Titik Taut adalah hal atau keadaan yang menyebabkan berlakunya stelsel hukum atau fakta di
dalam suatu peristiwa HPI yang menunjukkan pertautan antara perkara itu dengan suatu
negara tertentu. Titik taut terbagi menjadi dua yaitu: Primer, merupakan alat perantara untuk
mengetahui apakah sesuatu perselisihan hukum merupakan soal HPI atau tidak. Sekunder,
merupakan faktor yang menentukan hukum yang dipilih dari stelsel hukum yang
dipertautkan. Untuk menentukan status personil seseorang, negara-negara di dunia menganut
dua prinsip. Pertama, Prinsip kewarganegaraan. Yaitu status personil orang (baik
warganegara maupun asing) ditentukan oleh hukum nasional mereka. Kedua, Prinsip
domisili. Yaitu status personil seseorang ditentukan oleh hukum yang berlaku di domisilinya.
Dwi kewarganegaraan (bipartide) adalah orang dapat meiliki dua kewarganegaraan
(bipatride) atau lebih dari dua kewarganegaraan. Bipartide timbul karena dianutnya berbagai
asas yang berbeda dalam peraturan kewarganegaraan. Apartide adalah orang yang tidak
mempunyai kewarganegaraan. Renvoi adalah penunjukan oleh kaidah-kaidah HPI dari suatu
sistem hukum asing yang ditunjuk oleh kaidah HPI lex fori. Ketertiban umum ini adalah
pembatasan berlakunya suatu kaedah asing dalam suatu negara karena bertentangan dengan
kepantingan umum atau ketertiban hukum. Penyelundupan hukum (evasion of law) adalah
suatu perbuatan yang dilakukan di suatu negara asing dan diakui sah di negara asing itu akan
dapat dibatalakn oleh forum atau tidak diakui oleh forum Pilihan hukum digunakan dalam
bidang hukum kontrak, dimana para pihak bebas untuk menentukan pilihan mereka, dan
bebas juga untuk memilih sendiri hukum yang harus dipakai untuk kontrak mereka.
REFERENSI
Fahrudin, Sigit. Arti dari Sumber-sumber Hukum Perdata Internasional. Diakses dari
http://sigitfahrudin.co.cc. Pada tanggal 08 Juni 2010.

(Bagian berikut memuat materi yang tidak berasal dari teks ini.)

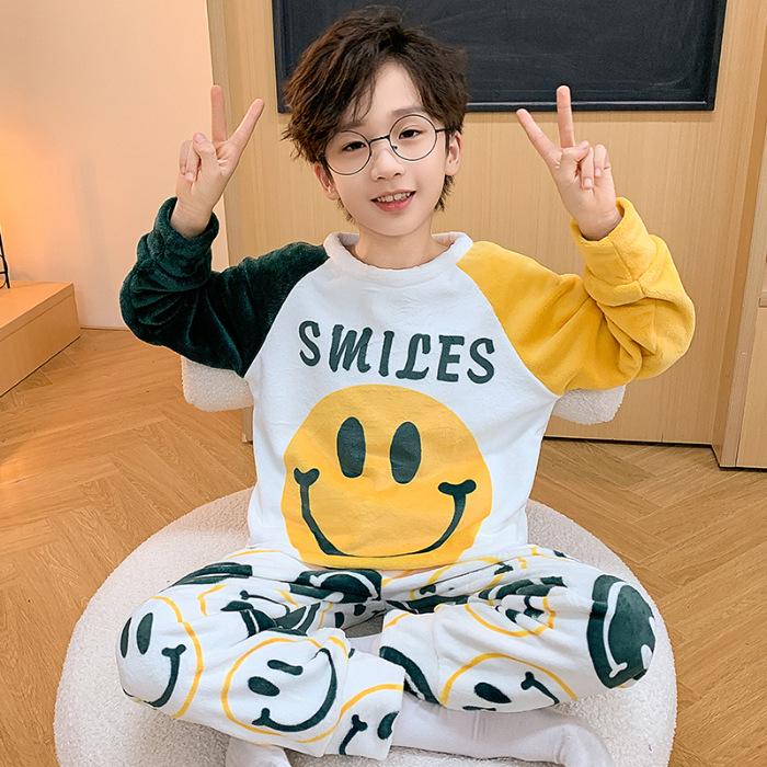 Детская пижама из флиса с рисунком кораллового цвета - теплая, плотная фланелевая с круглым вырезом для мальчиков, коллекция осень/зима Size 8 (Height 95-105 cm)

Kusumaatmadja, Mochtar.1990. Pengantar Hukum Internasional. Binacipta.
Pazli. 2004. Materi Substansi Hukum Perdata Internasional. Diktat III Program Studi
Hubungan Internasional Fakultas Ilmu Sosial dan Ilmu Politik Universitas Riau.
Starke, J.G. 2001. Pengantar Hukum Internasional. Jakarta: Sinar Grafika.